Task prompt: Please reproduce the data exactly, though every picture must stay out.
━━ Data under study ━━
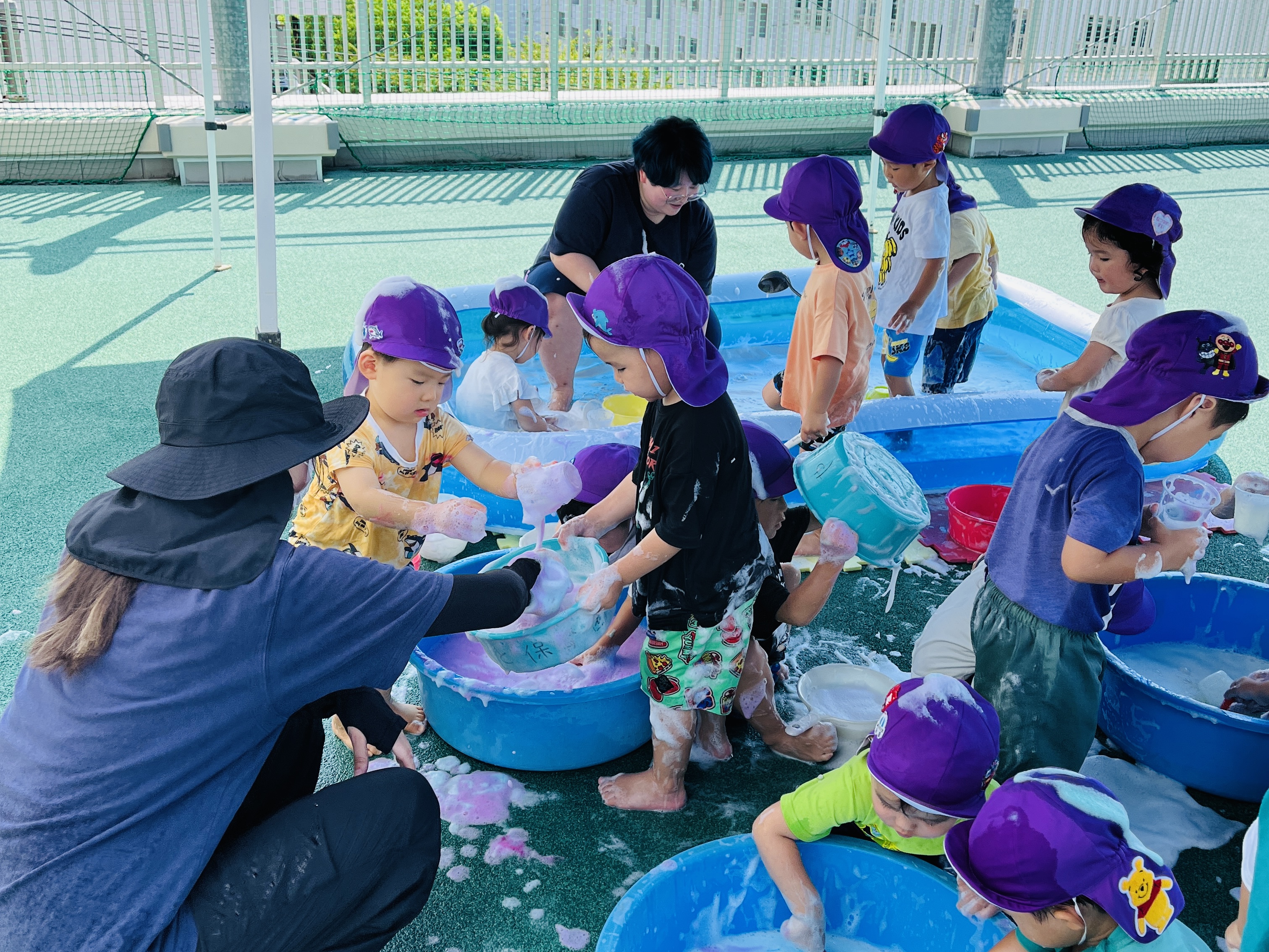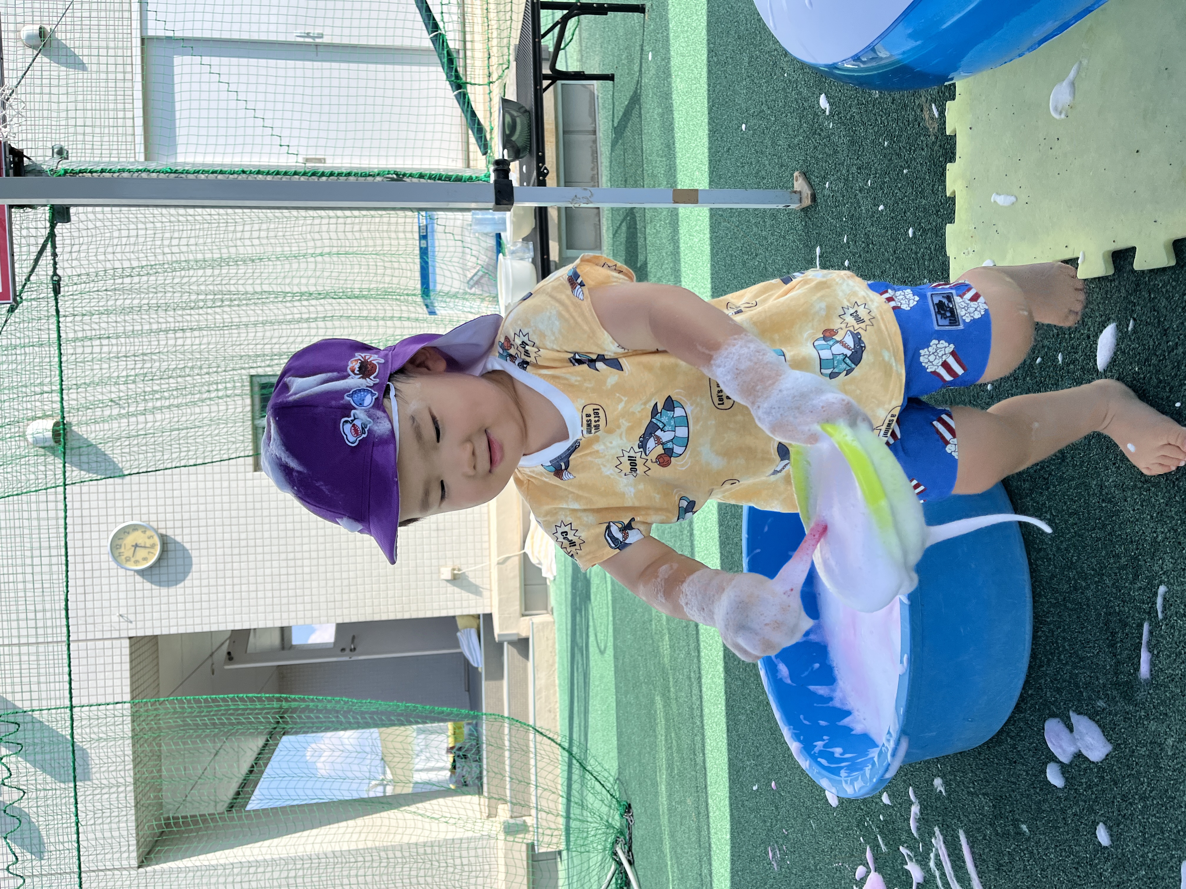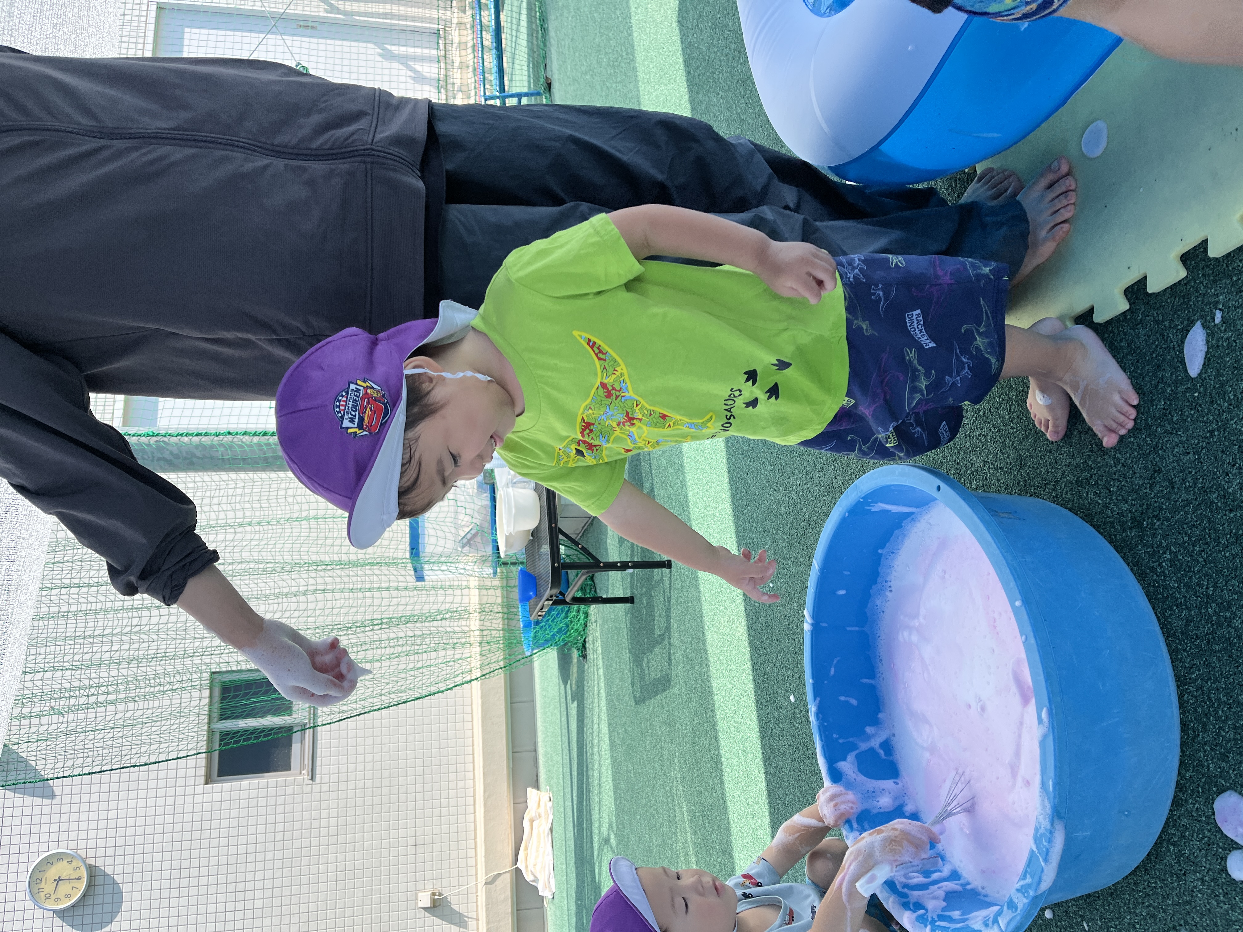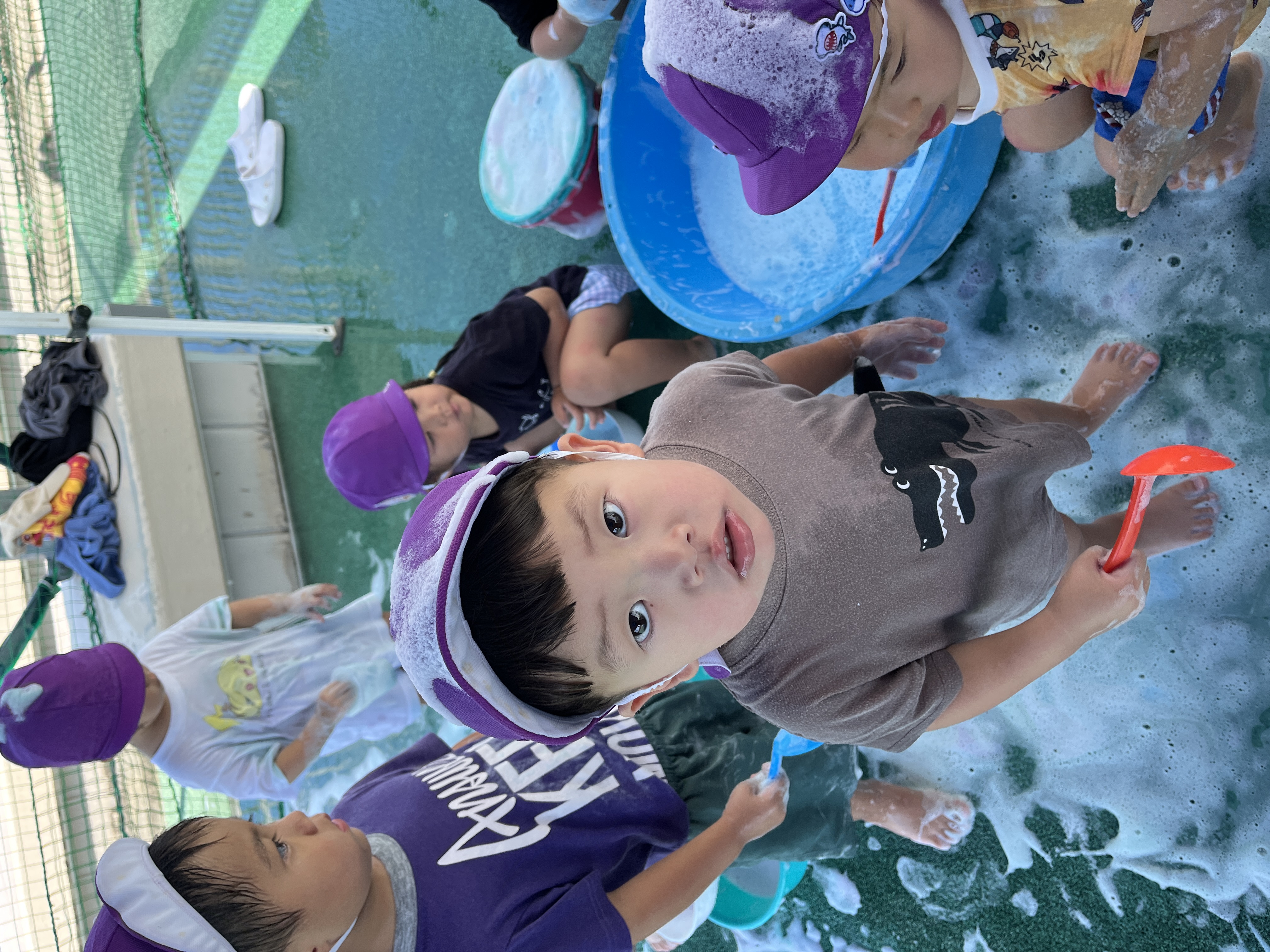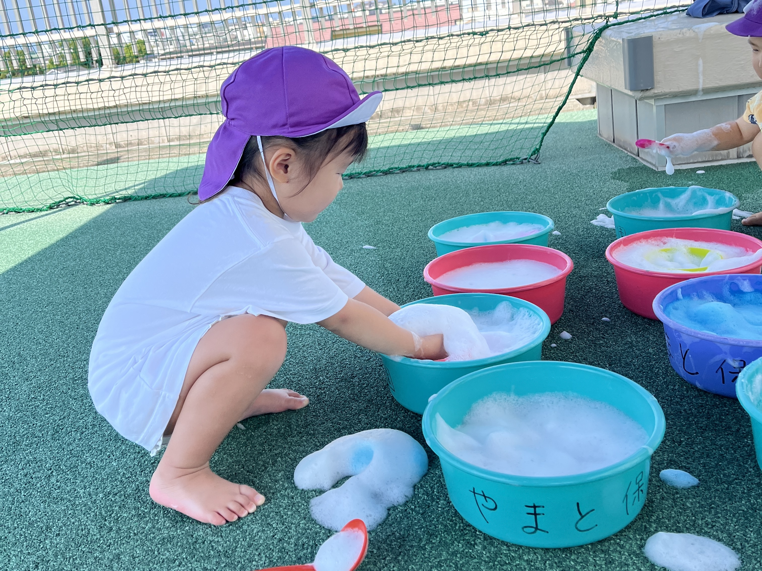 道具を使ってもっと泡立ててみたり、色が付いた泡で遊びました。
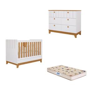 Quarto de Bebe com Comoda Berco e Colchao Liza Permobili Encante-se com a versatilidade e o charme do Berco Mini Cama Liza. Seu estrado ajustavel em 2 alturas e as 2 grades fixas proporcionam conforto e protecao para o sono do seu pequeno. E tem mais: ele se transforma facilmente em uma mini cama, acompanhando o crescimento do seu filho e prolongando sua utilidade. Crie um ambiente seguro e aconchegante para seu filho com o Berco Mini Cama Liza. A Comoda Infantil 6 Gavetas com Pes 100 MDF Liza Permobili e a solucao ideal para manter o quarto do seu pequeno sempre organizado. Suas 6 gavetas, equipadas com corredicas telescopicas, oferecem amplo espaco para armazenar roupas, brinquedos e acessorios, garantindo que tudo esteja sempre ao seu alcance. Com capacidade para suportar ate 3 kg por gaveta, a Comoda de Bebe Liza e perfeita para acompanhar o crescimento do seu filho com praticidade e seguranca. O Colchao Infantil Supreme Gazin possui revestimento em tecido plano que diminui o acumulo de poeira e materiais organicos, facilitando tambem na hora da higienizacao
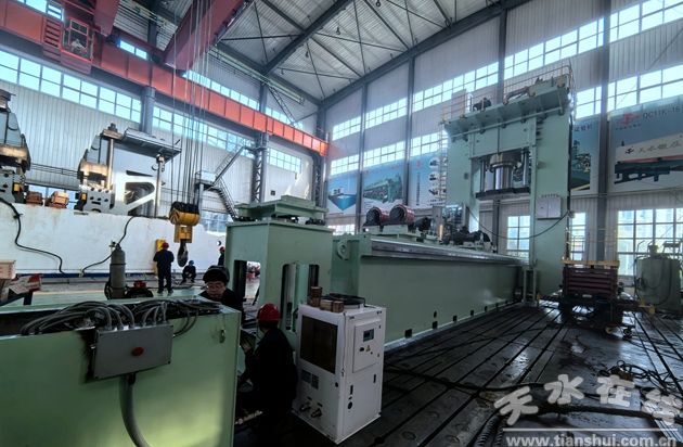 11月9日,天水鍛壓機床(集團)有限公司第二聯(lián)合分廠裝配現(xiàn)場,安裝工人與技術(shù)人員正在密切配合,調(diào)試河北敬業(yè)精密管業(yè)有限公司訂購的校直機,經(jīng)過緊張有序的調(diào)試,當(dāng)天下午實現(xiàn)了校直機動力。
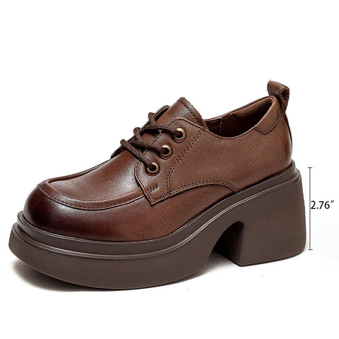 라운드 발가락 70mm 블록 힐 옥스포드 슈즈 레트로 레이스 업 가죽 슈즈 블랙/브라운
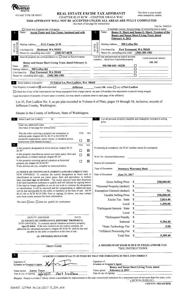 | Mailing Address: | 838 LINCOLN ST PORT TOWNSEND, WA 98368-5521 | % Ownership: | 100.0000000000% |
━━━
Written response:
 道具を使ってもっと泡立ててみたり、色が付いた泡で遊びました。
 Quarto de Bebe com Comoda Berco e Colchao Liza Permobili Encante-se com a versatilidade e o charme do Berco Mini Cama Liza. Seu estrado ajustavel em 2 alturas e as 2 grades fixas proporcionam conforto e protecao para o sono do seu pequeno. E tem mais: ele se transforma facilmente em uma mini cama, acompanhando o crescimento do seu filho e prolongando sua utilidade. Crie um ambiente seguro e aconchegante para seu filho com o Berco Mini Cama Liza. A Comoda Infantil 6 Gavetas com Pes 100 MDF Liza Permobili e a solucao ideal para manter o quarto do seu pequeno sempre organizado. Suas 6 gavetas, equipadas com corredicas telescopicas, oferecem amplo espaco para armazenar roupas, brinquedos e acessorios, garantindo que tudo esteja sempre ao seu alcance. Com capacidade para suportar ate 3 kg por gaveta, a Comoda de Bebe Liza e perfeita para acompanhar o crescimento do seu filho com praticidade e seguranca. O Colchao Infantil Supreme Gazin possui revestimento em tecido plano que diminui o acumulo de poeira e materiais organicos, facilitando tambem na hora da higienizacao
 11月9日,天水鍛壓機床(集團)有限公司第二聯(lián)合分廠裝配現(xiàn)場,安裝工人與技術(shù)人員正在密切配合,調(diào)試河北敬業(yè)精密管業(yè)有限公司訂購的校直機,經(jīng)過緊張有序的調(diào)試,當(dāng)天下午實現(xiàn)了校直機動力。
 라운드 발가락 70mm 블록 힐 옥스포드 슈즈 레트로 레이스 업 가죽 슈즈 블랙/브라운
 | Mailing Address: | 838 LINCOLN ST PORT TOWNSEND, WA 98368-5521 | % Ownership: | 100.0000000000% |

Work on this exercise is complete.